Monday, April 6, 2009

New Insight on Size Free Morphometrics

An interesting discussion on how to remove size from phylogenetic comparative analyses of morphological data is playing out on the R-sig-phylo list-serv (a forum about the use and development of phylogenetic and comparative methods within the R platform). This topic has been contentious for a some time and the ongoing discussion should be of interest to anyone looking to analyze morphological data in a phylogenetic context. Several heavy hitters (Ted Garland & Joe Felsenstein) and Dechronization bloggers (Dan Rabosky & Liam Revell) have already weighed in with insightful remarks.


Liam Revell said...

Yes, this was an interesting discussion.

Regarding size-correction, several important points came up:

1) DR proposed that if size-correction is performed using least-squares regression, the slope (i.e., allometric coefficient) is estimated unbiasedly.
This is true, as shown by Rohlf (2006).

2) However, also as shown by Rohlf and pointed out by TG, these estimates are not the "minimum variance estimates" (meaning that although they are not biased on average, any individual allometric coefficient can be quite poorly estimated).

3) It's relatively straightforward to perform size-correction using the phylogeny.

4) The consequence of using a bad allometric coefficient (i.e., one estimated using linear regression ignoring the phylogeny) for size-correction can be substantial, even if subsequent analyses are performed using phylogenetic methods. I have shown in a recently submitted manuscript that under simplistic simulation conditions (pure-birth trees, n(taxa)=100) the type I error rate of a contrasts regression performed on data that were subject to non-phylogenetic size-correction can be doubled over its nominal level. This situation would be worsened under more realistic conditions (e.g., for birth-death phylogenies).

5) In my manuscript I provide mathematical details and computer (R, Matlab) code for all the calculations required to perform phylogenetic size-correction or PCA and obtain residuals or scores for species (which are then the input for subsequent phylogenetic statistical analyses, such as regression on independent contrasts). In the event that it gets favorable reviews and is eventually published, please look for it!

Thanks to Luke H. for bringing this discussion thread to my attention, and to Dan R. for initiating it.

Glor said...

Nice summary Liam.

Dan Rabosky said...

thank Liam. One thing I wonder about is whether model misspecificiation can swamp any error due to failing to correct for phylogeny during size-correction (or for neglecting intraspecific error for that matter). Granted, we can test for this, but it seems pretty easy to reject the BM model in general.

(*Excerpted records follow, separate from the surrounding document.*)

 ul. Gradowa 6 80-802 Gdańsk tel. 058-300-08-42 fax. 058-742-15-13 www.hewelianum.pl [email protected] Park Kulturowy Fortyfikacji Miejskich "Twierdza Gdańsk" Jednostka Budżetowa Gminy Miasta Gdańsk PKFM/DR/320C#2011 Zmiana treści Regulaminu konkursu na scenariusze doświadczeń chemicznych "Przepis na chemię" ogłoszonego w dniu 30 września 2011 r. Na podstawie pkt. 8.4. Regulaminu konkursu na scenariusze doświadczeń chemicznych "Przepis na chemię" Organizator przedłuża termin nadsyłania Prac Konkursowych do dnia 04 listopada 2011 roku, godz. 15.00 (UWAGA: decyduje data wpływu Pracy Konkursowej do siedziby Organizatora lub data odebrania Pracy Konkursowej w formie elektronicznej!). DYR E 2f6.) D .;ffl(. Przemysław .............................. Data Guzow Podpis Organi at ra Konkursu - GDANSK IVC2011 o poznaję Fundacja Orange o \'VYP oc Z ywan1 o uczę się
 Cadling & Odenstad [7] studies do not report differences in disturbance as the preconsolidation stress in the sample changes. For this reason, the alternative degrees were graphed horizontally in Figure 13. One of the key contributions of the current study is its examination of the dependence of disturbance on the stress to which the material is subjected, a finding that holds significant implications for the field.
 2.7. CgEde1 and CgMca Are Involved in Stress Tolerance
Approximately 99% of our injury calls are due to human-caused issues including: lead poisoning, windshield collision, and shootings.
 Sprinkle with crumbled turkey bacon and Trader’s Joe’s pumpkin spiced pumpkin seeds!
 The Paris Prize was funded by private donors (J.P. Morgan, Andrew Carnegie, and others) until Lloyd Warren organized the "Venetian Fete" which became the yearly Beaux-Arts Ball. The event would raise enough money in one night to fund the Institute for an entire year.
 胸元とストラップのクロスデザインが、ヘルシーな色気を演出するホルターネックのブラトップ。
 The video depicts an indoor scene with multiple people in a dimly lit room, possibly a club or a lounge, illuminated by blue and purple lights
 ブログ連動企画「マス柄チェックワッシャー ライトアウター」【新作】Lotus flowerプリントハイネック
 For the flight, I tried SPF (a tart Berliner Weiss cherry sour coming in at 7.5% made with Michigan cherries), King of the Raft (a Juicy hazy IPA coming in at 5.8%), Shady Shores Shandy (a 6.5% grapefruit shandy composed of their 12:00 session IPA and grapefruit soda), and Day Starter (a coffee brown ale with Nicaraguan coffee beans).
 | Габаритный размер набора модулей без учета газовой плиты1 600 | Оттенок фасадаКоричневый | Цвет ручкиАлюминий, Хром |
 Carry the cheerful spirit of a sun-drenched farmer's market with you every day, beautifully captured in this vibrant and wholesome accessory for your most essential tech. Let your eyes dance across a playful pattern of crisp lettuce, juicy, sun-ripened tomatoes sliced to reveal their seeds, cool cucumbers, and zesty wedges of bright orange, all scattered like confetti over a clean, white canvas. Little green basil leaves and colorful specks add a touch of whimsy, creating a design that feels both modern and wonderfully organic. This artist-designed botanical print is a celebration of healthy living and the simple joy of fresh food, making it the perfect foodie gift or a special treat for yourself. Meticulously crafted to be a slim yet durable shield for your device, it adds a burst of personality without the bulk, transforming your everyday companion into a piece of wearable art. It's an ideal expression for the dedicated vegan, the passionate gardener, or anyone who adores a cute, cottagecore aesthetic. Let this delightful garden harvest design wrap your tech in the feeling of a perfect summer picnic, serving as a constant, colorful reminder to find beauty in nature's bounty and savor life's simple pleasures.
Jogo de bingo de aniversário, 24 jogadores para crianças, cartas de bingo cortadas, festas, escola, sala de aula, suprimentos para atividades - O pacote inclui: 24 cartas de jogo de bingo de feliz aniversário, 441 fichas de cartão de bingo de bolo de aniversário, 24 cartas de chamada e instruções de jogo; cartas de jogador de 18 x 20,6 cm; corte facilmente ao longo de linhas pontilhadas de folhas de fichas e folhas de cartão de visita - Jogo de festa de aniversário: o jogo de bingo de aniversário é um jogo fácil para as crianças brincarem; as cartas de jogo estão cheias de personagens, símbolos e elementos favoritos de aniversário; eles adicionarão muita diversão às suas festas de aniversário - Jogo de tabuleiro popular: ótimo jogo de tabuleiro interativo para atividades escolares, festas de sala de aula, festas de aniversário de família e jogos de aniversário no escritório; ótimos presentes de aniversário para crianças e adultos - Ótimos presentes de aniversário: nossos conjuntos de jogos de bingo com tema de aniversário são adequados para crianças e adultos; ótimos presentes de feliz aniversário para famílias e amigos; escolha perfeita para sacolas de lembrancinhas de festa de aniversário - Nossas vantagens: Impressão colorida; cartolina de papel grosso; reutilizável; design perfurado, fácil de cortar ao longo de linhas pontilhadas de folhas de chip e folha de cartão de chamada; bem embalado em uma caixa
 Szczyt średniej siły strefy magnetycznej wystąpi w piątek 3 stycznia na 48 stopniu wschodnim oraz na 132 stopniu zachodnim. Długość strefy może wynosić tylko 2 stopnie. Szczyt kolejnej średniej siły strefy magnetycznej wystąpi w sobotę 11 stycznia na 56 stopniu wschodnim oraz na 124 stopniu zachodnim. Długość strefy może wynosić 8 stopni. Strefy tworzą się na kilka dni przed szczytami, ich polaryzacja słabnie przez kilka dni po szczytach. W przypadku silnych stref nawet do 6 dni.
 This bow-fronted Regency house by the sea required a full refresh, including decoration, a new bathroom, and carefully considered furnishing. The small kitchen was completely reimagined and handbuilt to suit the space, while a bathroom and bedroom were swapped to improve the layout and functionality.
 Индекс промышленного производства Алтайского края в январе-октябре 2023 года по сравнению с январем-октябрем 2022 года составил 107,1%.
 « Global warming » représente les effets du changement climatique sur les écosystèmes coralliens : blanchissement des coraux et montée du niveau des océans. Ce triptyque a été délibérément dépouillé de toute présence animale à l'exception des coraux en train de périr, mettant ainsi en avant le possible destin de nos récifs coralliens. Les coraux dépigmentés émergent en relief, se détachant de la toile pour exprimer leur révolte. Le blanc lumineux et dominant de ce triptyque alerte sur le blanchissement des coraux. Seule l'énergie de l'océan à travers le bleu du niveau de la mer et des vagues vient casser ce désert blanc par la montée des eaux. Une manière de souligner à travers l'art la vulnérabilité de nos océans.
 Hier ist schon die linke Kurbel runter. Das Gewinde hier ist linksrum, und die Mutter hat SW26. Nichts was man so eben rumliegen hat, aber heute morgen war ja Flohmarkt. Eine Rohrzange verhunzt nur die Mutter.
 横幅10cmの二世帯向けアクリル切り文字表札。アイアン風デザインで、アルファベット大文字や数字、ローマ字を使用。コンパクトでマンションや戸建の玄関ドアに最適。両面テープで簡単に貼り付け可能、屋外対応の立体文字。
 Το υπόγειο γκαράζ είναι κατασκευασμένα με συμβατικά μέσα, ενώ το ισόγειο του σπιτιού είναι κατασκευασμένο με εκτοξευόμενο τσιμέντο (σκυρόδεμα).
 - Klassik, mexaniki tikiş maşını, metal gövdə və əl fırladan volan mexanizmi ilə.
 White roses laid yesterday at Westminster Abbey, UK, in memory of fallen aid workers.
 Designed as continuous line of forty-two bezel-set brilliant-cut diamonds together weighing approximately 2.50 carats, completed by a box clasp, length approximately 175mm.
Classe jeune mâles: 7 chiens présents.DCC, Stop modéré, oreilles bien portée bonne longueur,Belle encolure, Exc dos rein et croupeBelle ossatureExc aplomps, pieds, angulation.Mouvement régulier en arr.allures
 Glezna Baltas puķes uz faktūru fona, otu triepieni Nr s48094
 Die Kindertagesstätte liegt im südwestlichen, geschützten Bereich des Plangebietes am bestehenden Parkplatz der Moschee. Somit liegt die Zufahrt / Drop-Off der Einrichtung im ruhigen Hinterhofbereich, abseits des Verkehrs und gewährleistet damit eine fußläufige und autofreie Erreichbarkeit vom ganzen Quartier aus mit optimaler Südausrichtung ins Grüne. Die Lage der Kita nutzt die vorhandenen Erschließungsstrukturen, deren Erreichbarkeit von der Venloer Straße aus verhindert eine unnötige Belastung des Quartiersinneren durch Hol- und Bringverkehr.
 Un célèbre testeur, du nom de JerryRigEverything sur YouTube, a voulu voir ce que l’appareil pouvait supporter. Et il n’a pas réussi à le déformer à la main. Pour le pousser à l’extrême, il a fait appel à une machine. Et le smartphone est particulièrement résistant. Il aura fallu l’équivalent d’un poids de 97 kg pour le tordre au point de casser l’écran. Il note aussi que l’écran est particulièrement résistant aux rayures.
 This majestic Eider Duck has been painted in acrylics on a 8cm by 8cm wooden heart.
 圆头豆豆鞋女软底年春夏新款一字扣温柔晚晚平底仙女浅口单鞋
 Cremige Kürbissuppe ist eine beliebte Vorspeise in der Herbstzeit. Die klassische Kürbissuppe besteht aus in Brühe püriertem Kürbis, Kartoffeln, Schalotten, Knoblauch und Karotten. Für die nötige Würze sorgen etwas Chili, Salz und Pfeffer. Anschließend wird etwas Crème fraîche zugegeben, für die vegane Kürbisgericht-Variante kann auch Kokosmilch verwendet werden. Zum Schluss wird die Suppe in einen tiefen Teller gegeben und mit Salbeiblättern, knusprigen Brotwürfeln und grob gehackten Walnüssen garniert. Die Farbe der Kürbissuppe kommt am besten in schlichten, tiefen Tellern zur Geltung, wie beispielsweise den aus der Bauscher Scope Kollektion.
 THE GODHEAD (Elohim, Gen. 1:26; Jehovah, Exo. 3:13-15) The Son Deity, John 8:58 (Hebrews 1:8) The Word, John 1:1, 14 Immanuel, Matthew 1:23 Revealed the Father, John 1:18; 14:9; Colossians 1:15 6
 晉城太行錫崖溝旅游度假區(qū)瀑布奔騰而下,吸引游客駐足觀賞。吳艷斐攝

So... I'm just thinking generally about the fact that our ability to statistically treat all sources of error in our analyses is improving dramatically, but fundamentally is conditional on some particular model. How robust is all of this to model misspecification? It seems to me a hard problem, because absolute model fit is not so easy to evaluate. We might know that model B (say, OU with 1 opt) fits the data better than models A, C, D, and E based on AIC, but this does not necessarily mean the model fits the data well in any meaningful sense.

Liam Revell said...

Hi again, Dan.

Since we're talking about correcting for interspecific allometries, it's probably more relevant to consider stochastic linear OU rather than discrete optima Ornstein-Uhlenbeck (à la Butler and King 2004).

In this model, species revert to a consistent line of allometry, rather than to a consistent adaptive peak or set of peaks. It thus avoids the problem of "inherited maladaptation" that can exist for Brownian Motion (BM).

For very strong adaptation to the line of allometry, the error structure of the residuals of the SL-OU model will converge to a diagonal matrix (i.e., become non-phylogenetic). And, much like with traditional OU, when adaptation relative to so-called "phylogenetic inertia" is weak, then the error structure converges to BM.

Since what we are usually concerned with when correcting for size is minimizing the variance of our interspecific allometry slope and intercept (and we may not care too much the evolutionary process per se) we might instead estimate Pagel's λ and then use the error structure described by the tree and λ for our regression model (e.g., Freckleton et al. 2002; Revell and Harrison 2008). This should work well, I think, so long as the evolutionary process has produced covariance between species that is proportional to the their time of shared history (and the proportionality constant can even be zero, meaning no phylogenetic effect).